Young playwrights learn how to write opera.
Workshop for learning new tools. Guide to build a story, drama progression, rhythm, and conflict.
René Chargoy / Gaceta UNAM.
Verónica Musalem gives a workshop in which she proposes new tools to write a contemporary opera script. During four sessions she works with young people who already have previous literary or musical productions. In the Multimedia Classroom of the Nezahualcóyotl Auditorium of the University Cultural Center she deals with how to build a conflictive story, the dramatic progression, and rhythm, because in opera, she says, ‘there needs to be a story to tell and the plot is important.’
Having written 34 plays and having 25 years as a writer, the playwright graduated from UNAM’s Philosophy and Letters Faculty specifies that to write an opera script you need to be aware of the following: ‘tell a strong story so your plot doesn’t dissolve; you need to understand that you’ll write a text for being sung, without an extensive length.
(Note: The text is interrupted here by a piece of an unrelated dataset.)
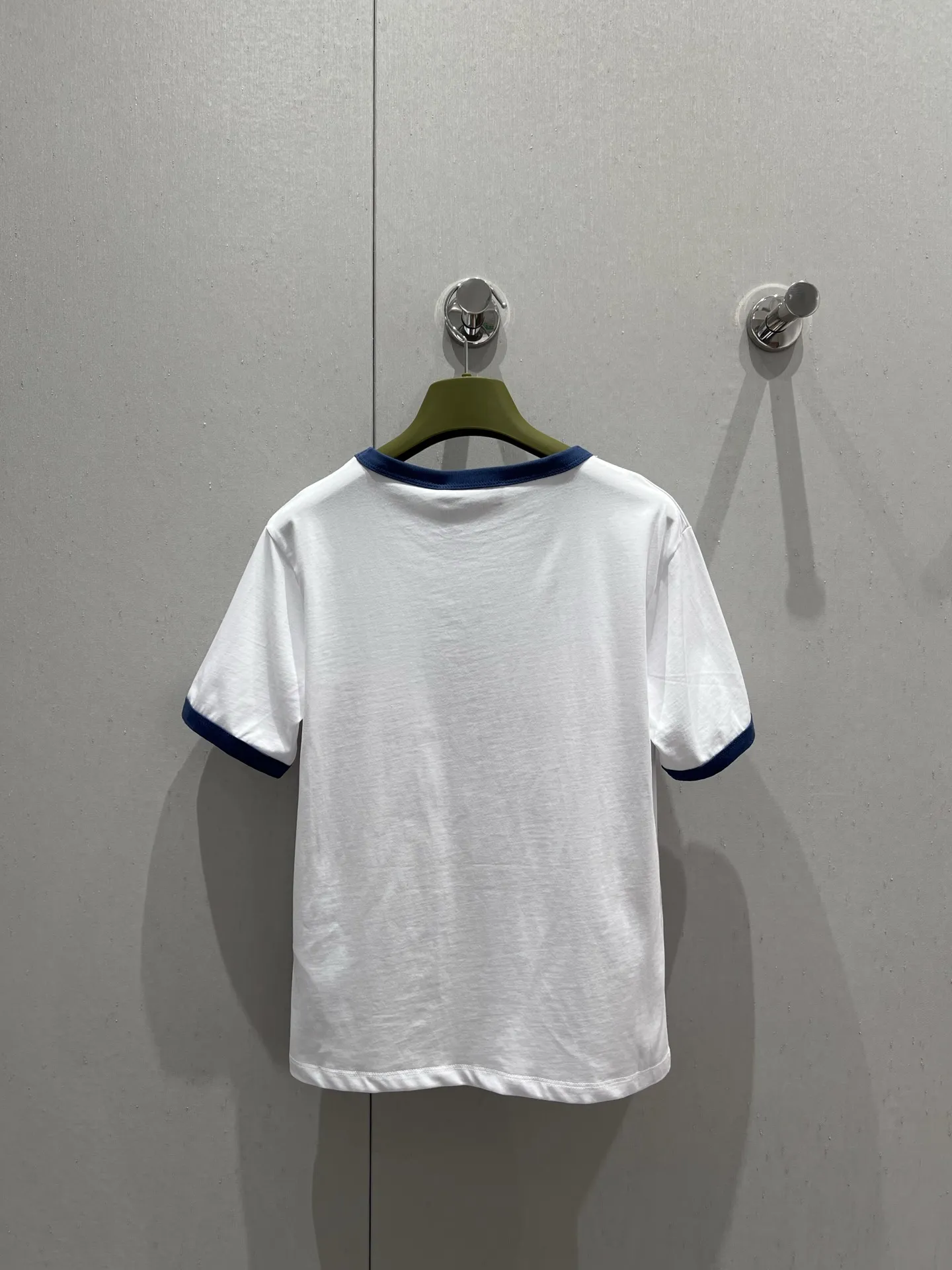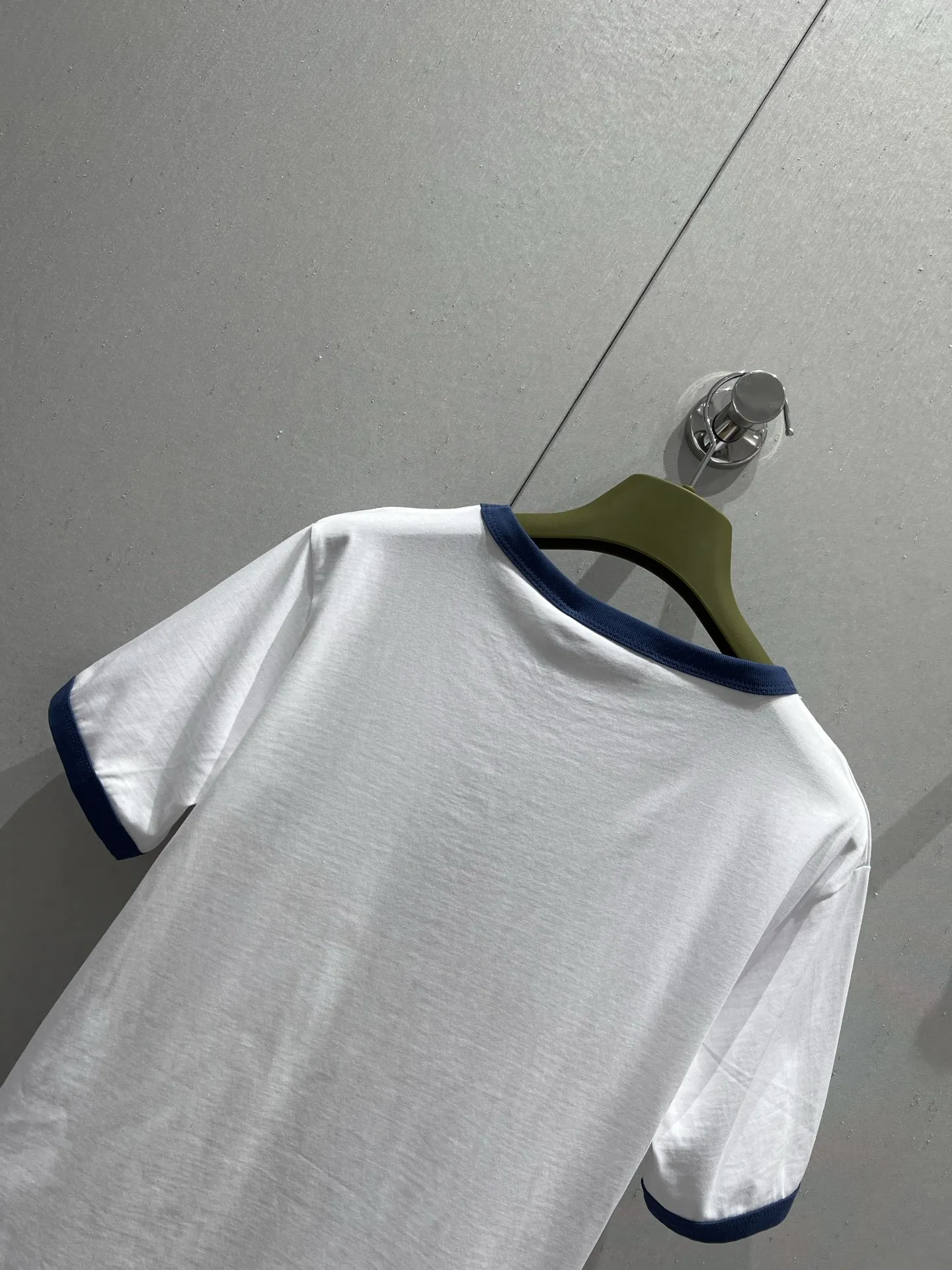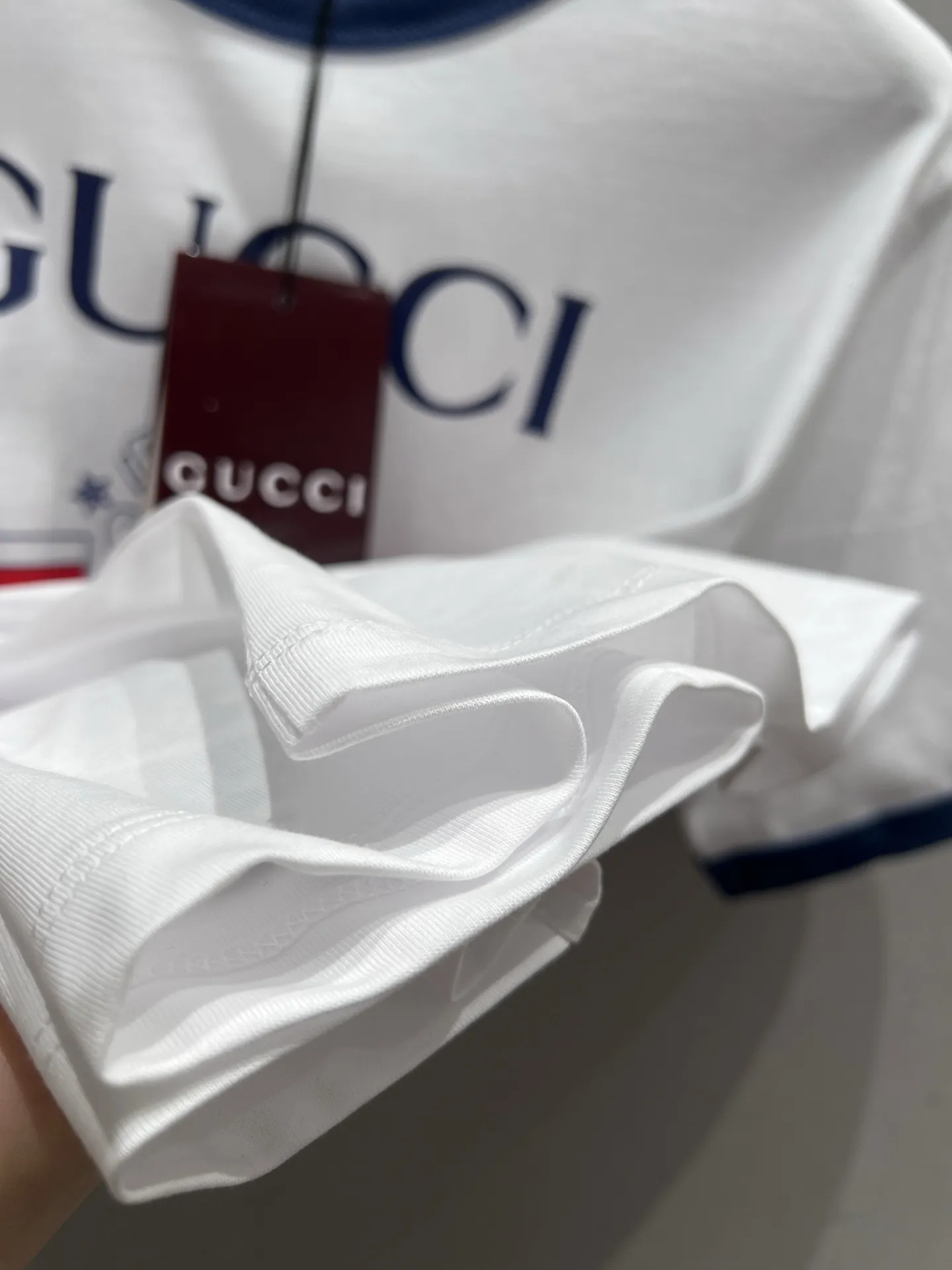 Gucciの2025年早春新作、Gucci Firenze 1921行李员徽章プリントの半袖Tシャツです。軽量な白色ニットコットンを使用し、青色のリブ編みカラーと袖口がアクセント。高品質な仕上げで、限定開発モデルとして現品販売しています。シンプルでありながら、ディテールにこだわった一着で、Tシャツ スーパーコピーとしても注目されるデザインです。

You need to know that a performer can’t recite long sung texts and, therefore, you need to use poetic fragments with rhythm, cadence, musicality, and be aware of the fact that you’re writing for a composer who’ll put music into your text’.
Strong plots.
She says the traditional realism in an opera script is generally a failure, consequently, it’s necessary to explore new tendencies that can allow building strong plots to deal with themes such as war, love, and treason.
‘Words have their rhythm, melody, and cadence. It’s marvelous to realize it and start to see how you can play with the different languages of music, which you start to learn when there’s strong and honest communication with the composer and you start to get to know their style.
To create provocative fond characters, who are in movement, who search and want something, is one of the major challenges for any playwright. Musalem has it deeply clear and her opera script writing is built flawlessly. Owning 25 scripts and in process of one else. In 2005 as a part of the Music and Scene Festival, she wrote Lazos (Bonds), with music by Mariana Villanueva, as a result of a theater laboratory in which four playwrights were reunited to create musicalized texts with the narrative axis of Mexico City.
In 2009 she wrote El juego de los insectos (The insects’ game), with music by Federico Ibarra. In 2018 it premiered orchestrated in the Fine Arts Palace. In 2010 she wrote Antonieta, an opera about Antonieta Rivas Mercado, a highly dramatic character, with Ibarra’s music too. It opens the scene with her suicide in Notre Dame and it closes with it as well. It was an exhaustive investigation to arrive at her version of this famous woman while understanding her career.
Then a children’s opera called En la tumba de los dioses (At Gods’ grave) was made by the initiative of the stage director Luis Martín Solís, who specialized in drama for children and operas too. The composer was Ricardo Cortés. Recently she wrote Clitemnestra o el aullido de la noche (Clytemnestra or the night’s howl) for Jorge Torres Sáenz, in which love and betrayal are dealt. The story takes place in a refugee camp in the desert.
Early this year she collaborated again with Federico Ibarra to create Las brujas de Salem (Salem’s witches), a free version script. She has already outlined the characters: two female painters, one lives in Paris, the other one, in Mexico.
Young writers and musicians will be attracted by the discovery of opera’s narrative. They will learn how to write scripts in which dramatic action, singing, and musical accompaniment will harmonize together, through this workshop that will take place during the IM-PULSO Festival 2018. The experience promises to be a ‘bel canto d’amore’ for writing.